INDIETRO.PNG INDIETRO          PROSEGUI LA LETTURAAVANTI.PNG

UN PO' DI STORIA SULLE RICERCHE DELL'ALKAHEST ... prosegui la lettura... Pag. 4

  • Fondandosi su queste esperienze, nella sua opera principale, l’Hippocrates chimicus, Tachenius identifica il solvente di Van Helmont con l’acido acetico.
  • Una lettura, quella di Tachenius, completamente chimica, che riduce l’Alkahest ad un prodotto piuttosto comune nei laboratori dell’epoca.
  • Di ben altro avviso, Pierre Jean Fabre (1588-1658), dottore in medicina alla corte di Luigi XIII di Francia, nel 1653 inviava al principe Federico il suo Manuscriptum ad Fridericum.
  • Fabre, dopo aver prima passato in rassegna i principi e le sostanze necessari alla ricerca alchemica, come il mercurio filosofico, rivolge gli ultimi sei capitoli dello scritto al dissolvente universale, liquore a suo giudizio assolutamente indispensabile per ottenere l’Elixir dei Filosofi
  • Forse il Manuscriptum rappresenta il momento a partire dal quale l’Alkahest inizia ad acquisire piena circolazione nella letteratura alchemica, mentre il più largo numero degli autori - come vedremo - sembra confinarlo all’uso medico e terapeutico.
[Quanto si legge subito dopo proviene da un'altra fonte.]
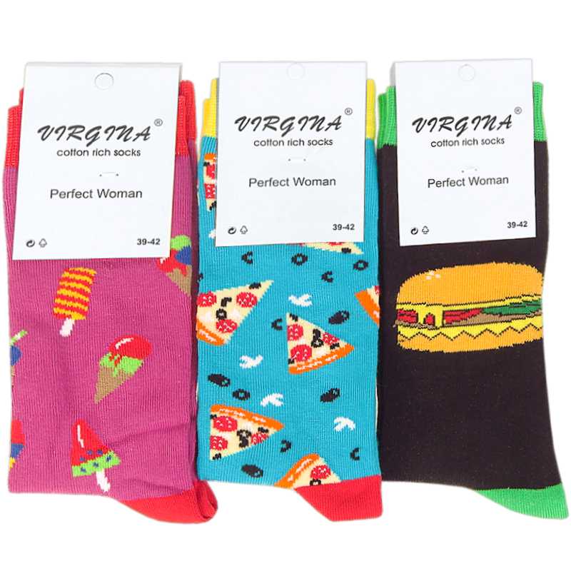 specificație: șosete de damă din bumbac de la producătorul confirmat de șosete Virgina, pachetul conține 3 perechi de șosete haioase cu diverse răsfățuri. Șosetele amuzante pentru damă, care înfățișează delicii precum gogoși, hamburgeri, pizza și gogoașă sunt potrivite pentru purtare zilnică, dar cu siguranță nu pentru evenimente oficial din punct de vedere social. Purtați acești șosete stilate la întâlniri informale, la plimbări, în natură sau la grătar în grădină.

  • L’interpretazione dell’Alkahest esposta da Fabre si mantiene perfettamente nel solco degli adepti: dissolvente e materia prima non sono che lo stesso ente primordiale in forma liquida, la materia primigenia, in cui zolfo, sale e mercurio sono meravigliosamente uniti, senza la minima impurità.
  • È quindi una dissoluzione della materia su cui si opera, che si effettua in virtù di un estremo raffinamento della stessa. In altre parole, dunque, un processo interno, e non l’aggiunta di un liquore.
  • Dopo l’epistola di Tachenius, dobbiamo al medico macerateseLuigi de Conti la prima dissertazione dedicata principalmente all’Alkahest, la Clara Fidelisque Admonitoria disceptatio, edita a Venezia nel 1661.
  • Il libro costituisce un documento di grande interesse, poiché rappresenta una critica dei presupposti di Van Helmont su basi esclusivamente alchemiche, senza cioè che vengano mosse allo studioso fiammingo obiezioni di ordine medico o iatrochimico, tali da non passare attraverso la lente dell’antica disciplina di Basilio Valentino.

  • Conti attacca frontalmente la concezione helmontiana dell’Alkahest, valendosi soprattutto degli antichi testi della tradizione alchemica.
  • E tuttavia, nel confutare la posizione di Van Helmont, colpevole innanzitutto di aver ricondotto l’origine di ogni cosa all’acqua, il medico italiano chiama in causa anche il Geber della Summa perfectionis, ritenuto il nume tutelare dello scienziato fiammingo.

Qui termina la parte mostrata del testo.